La sonate à Kreutzer est interprétée ici dans une version arrangée pour quintette à deux violoncelles, une formation rare ! D’où vient cet arrangement ?

C’est à l’occasion de notre rencontre avec Vera Beth et Anner Bylsma (violoniste et violoncelliste) que nous avons fait la découverte de la version en quintette à deux violoncelles de la sonate à Kreutzer. Vera et Anner faisaient partie d’un ensemble, les Archibudelli qui en ont enregistré une brillante version. Lorsque nous avons réfléchi au violoncelliste avec qui nous pourrions la jouer et l’enregistrer, la personnalité de Bruno Delepelaire nous a immédiatement attirée car elle répond à notre envie de mettre en lumière un Beethoven « rock ».
Nous sommes ravies qu’il ait accepté notre invitation car son son puissant , précis, coloré ainsi que sa solidité technique remarquable s’est parfaitement mariée avec notre énergie et notre fantaisie.
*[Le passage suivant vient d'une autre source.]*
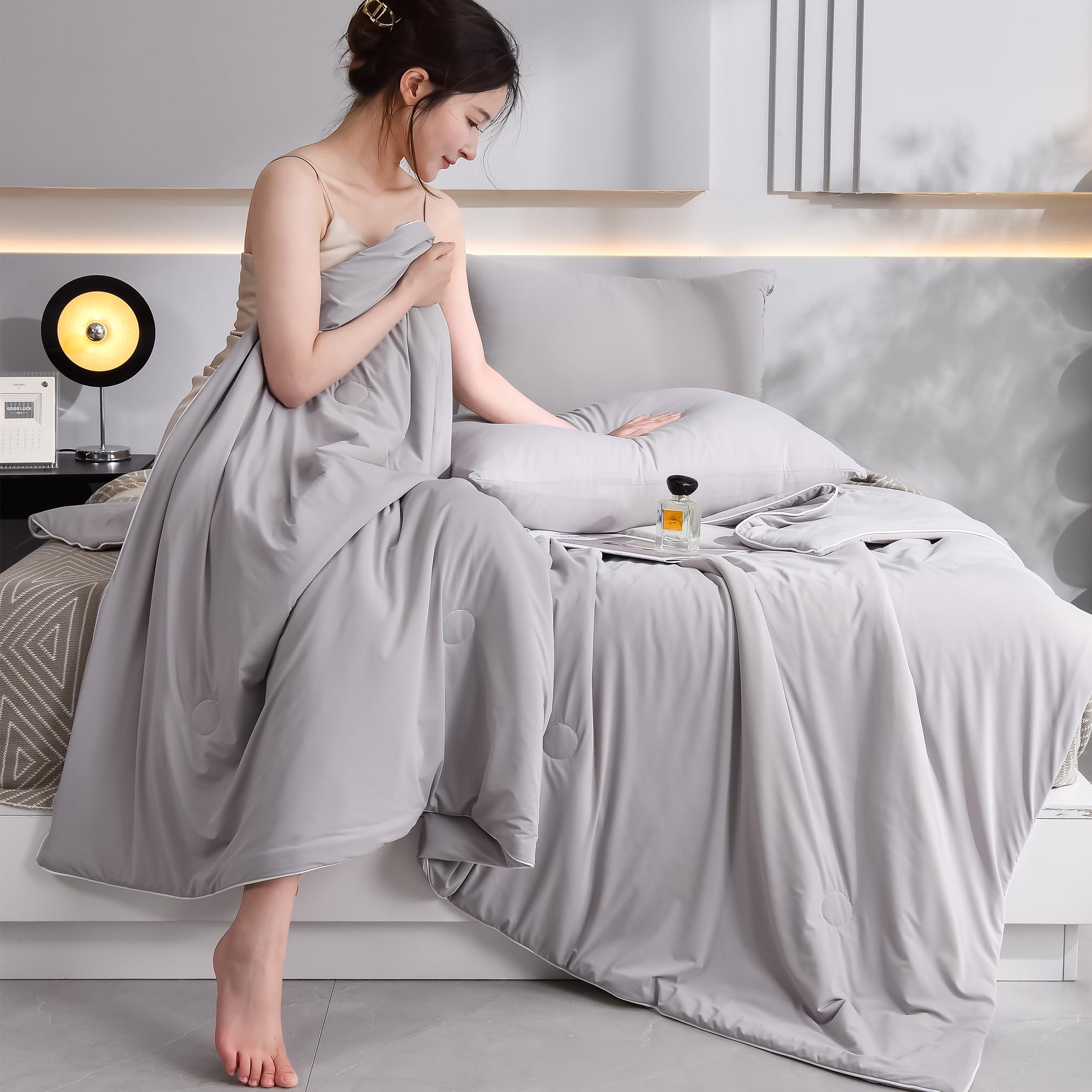 夏用掛け布団 肌掛け布団 シングル セミダブル 両面接触冷感ニット生地 通気性 抗菌防臭 可洗濯機 色褪せなし 軽量 布団140×200cm
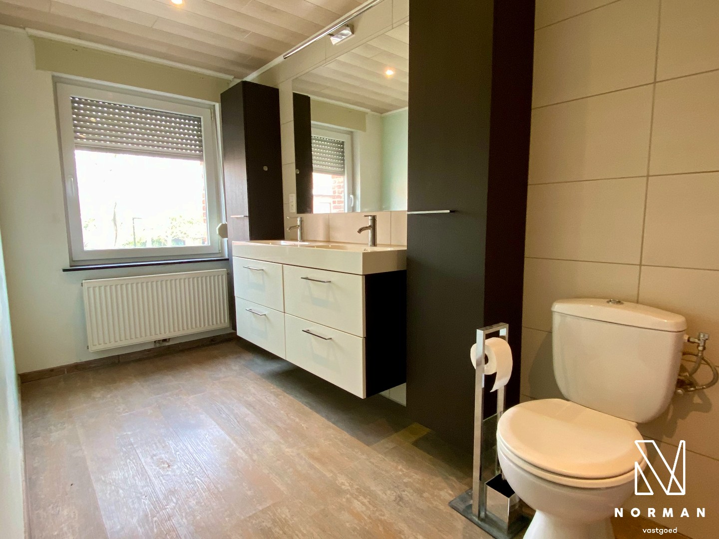 Het verdiep bevat nog een badkamer en een ruime slaapkamer. Een vaste trap brengt ons naar de zolder waar er nog 2 slaapkamers zijn voorzien.
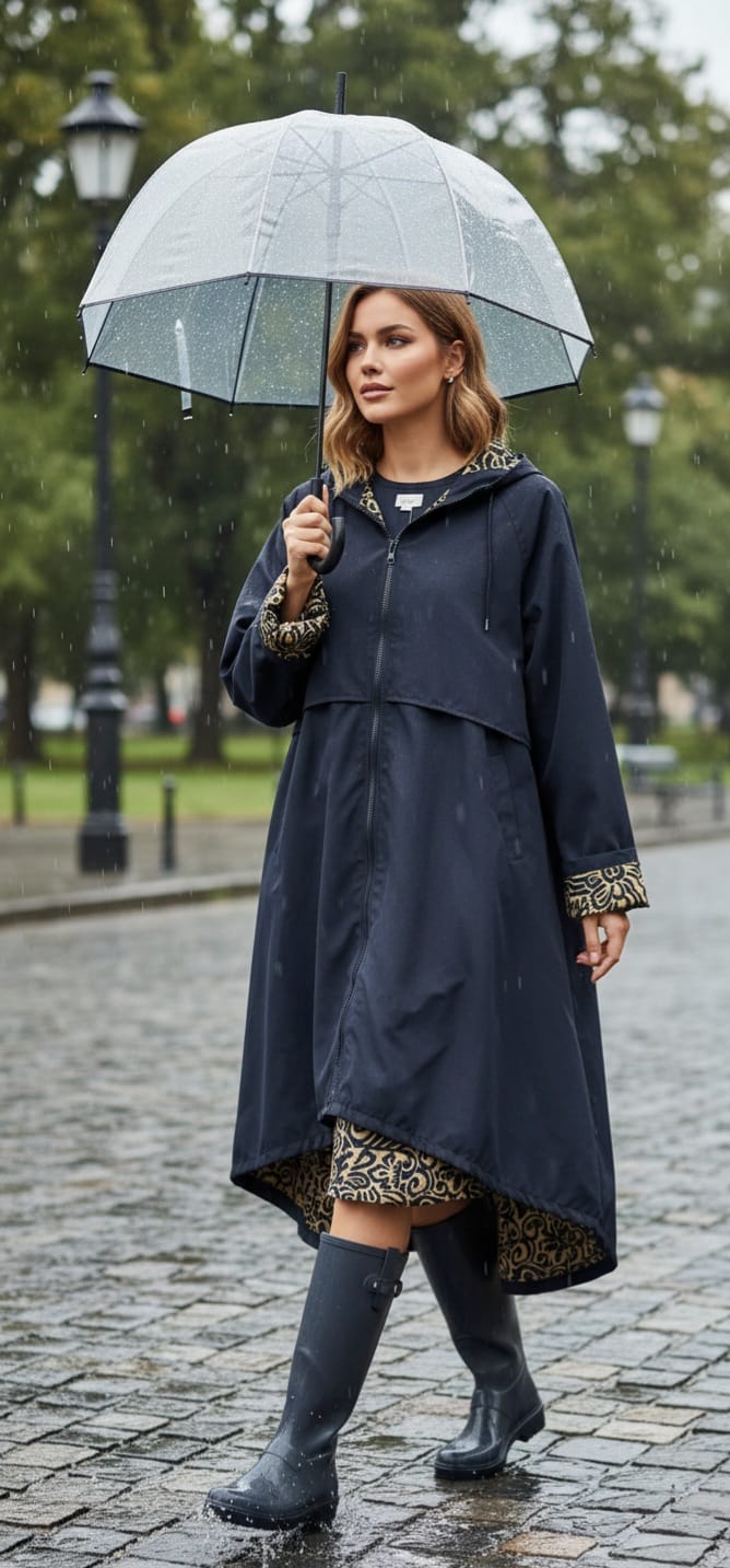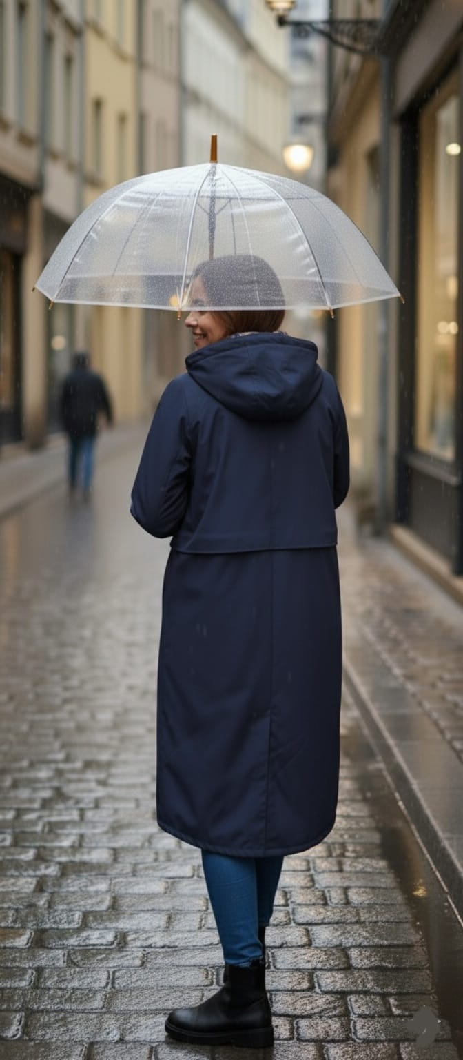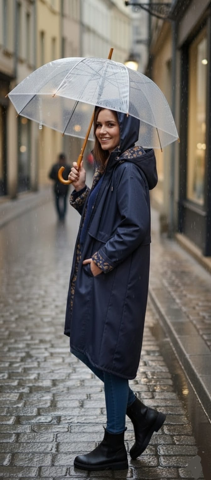 Abrigo impermeable con el forro interior de seda saree. Tiene cierre cremallera y con gorro. La parte trasera es más larga que la delantera dando forma de pingüino. Este abrigo tiene unas tablas tanto en la parte delantera como en la parte trasera, versátil tanto para mujeres con caderas mas anchitas como para las mas delgaditas.

La dualité entre les deux solistes, qui est au fondement de cette sonate, est-elle conservée dans un arrangement pour 5 instruments ?

Cet arrangement est absolument fantastique ! L'auteur répartit la dualité de la sonate sur 5 instruments à cordes, 10 mains, 20 cordes... La dualité devient multiple, le terrain de jeux est amplifié. On accède à une profondeur hypnotisante, à une palette sonore aux mille couleurs entêtante qui retranscrit bien l'impression d'envoûtement dont parle Tolstoï dans sa nouvelle "La Sonate à kreutzer".

Dans cette nouvelle éponyme, Tolstoï fait de cette musique un décor omniprésent et enivrant qui mène le narrateur à sa fin tragique… Comment ressentez-vous cette œuvre ?

Il décrit bien cette méditation profonde dans laquelle Beethoven nous plonge sauf que la comparaison s'arrête là, car Tolstoï s'empare de la musique de Beethoven pour montrer les instincts les plus bas de l'être humain et surtout des femmes. La musique selon lui aurait un pouvoir maléfique... Donc vous pensez bien que nous ne sommes pas d'accord ! Pour nous cette musique nous emmène au sommet.